WORK TASK :: In the listing, locate the line containing "靴下を履いたり、帽子をかぶっ", then quote it and all following lines exactly. Omit pictures.

DATA PROVIDED ::

*** Begin section ***

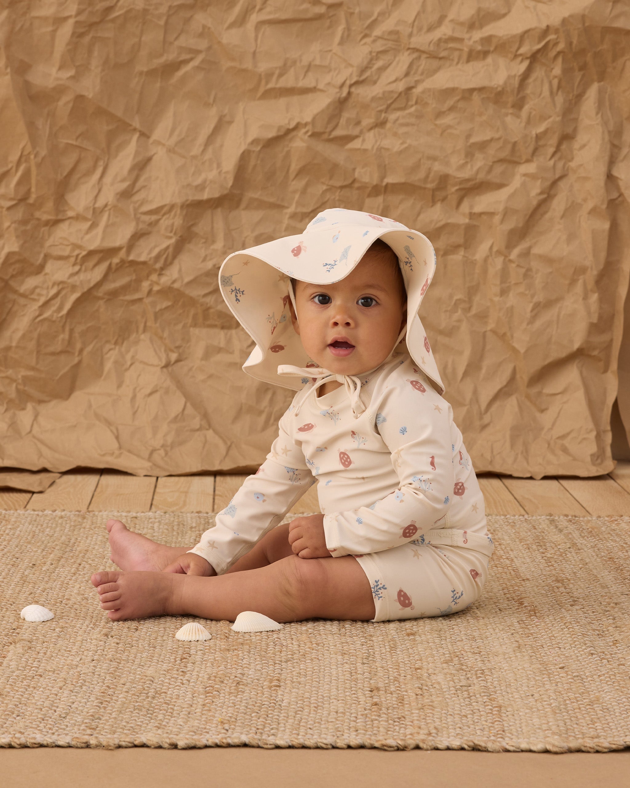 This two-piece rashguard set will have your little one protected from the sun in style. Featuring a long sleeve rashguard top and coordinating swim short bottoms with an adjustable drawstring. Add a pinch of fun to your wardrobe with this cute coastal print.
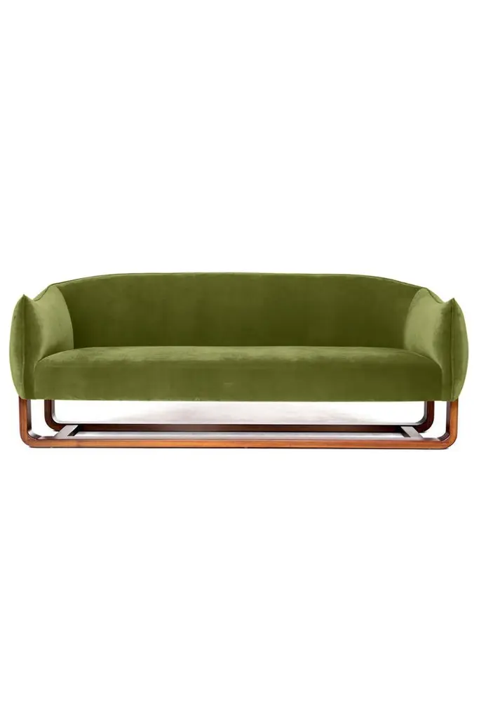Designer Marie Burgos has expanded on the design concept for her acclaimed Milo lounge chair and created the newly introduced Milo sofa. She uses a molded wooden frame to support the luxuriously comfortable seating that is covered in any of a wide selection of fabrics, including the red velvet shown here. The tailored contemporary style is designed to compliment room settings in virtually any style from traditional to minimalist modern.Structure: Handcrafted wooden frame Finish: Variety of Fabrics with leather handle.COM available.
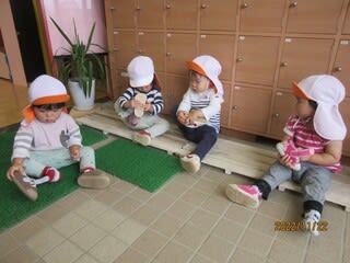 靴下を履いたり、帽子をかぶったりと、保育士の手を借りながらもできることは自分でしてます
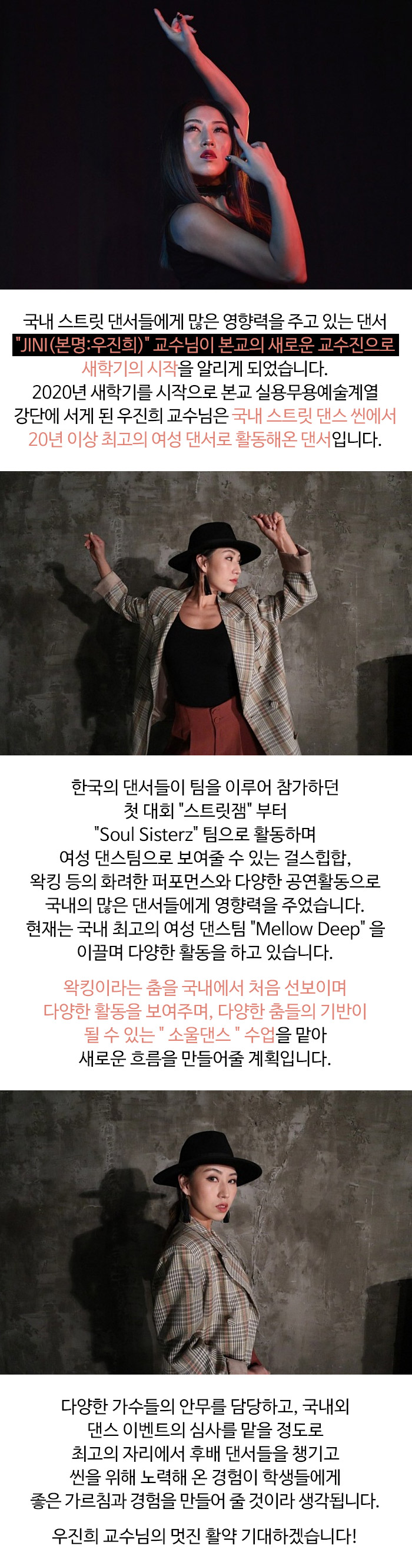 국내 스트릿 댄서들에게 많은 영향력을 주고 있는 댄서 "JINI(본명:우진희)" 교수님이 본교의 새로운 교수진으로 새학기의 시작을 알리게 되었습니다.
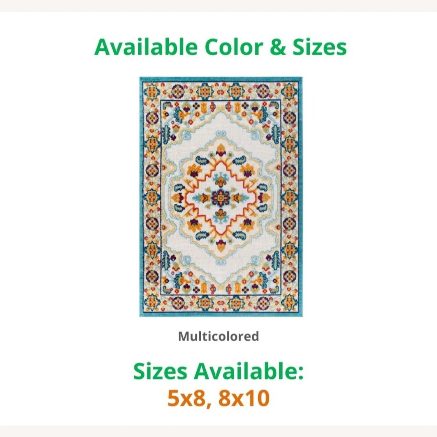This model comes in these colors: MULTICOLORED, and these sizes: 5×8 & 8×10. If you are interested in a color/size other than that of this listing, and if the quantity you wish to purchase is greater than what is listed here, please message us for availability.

*** End section ***

EXERCISE SOLUTION ::
 靴下を履いたり、帽子をかぶったりと、保育士の手を借りながらもできることは自分でしてます
 국내 스트릿 댄서들에게 많은 영향력을 주고 있는 댄서 "JINI(본명:우진희)" 교수님이 본교의 새로운 교수진으로 새학기의 시작을 알리게 되었습니다.
This model comes in these colors: MULTICOLORED, and these sizes: 5×8 & 8×10. If you are interested in a color/size other than that of this listing, and if the quantity you wish to purchase is greater than what is listed here, please message us for availability.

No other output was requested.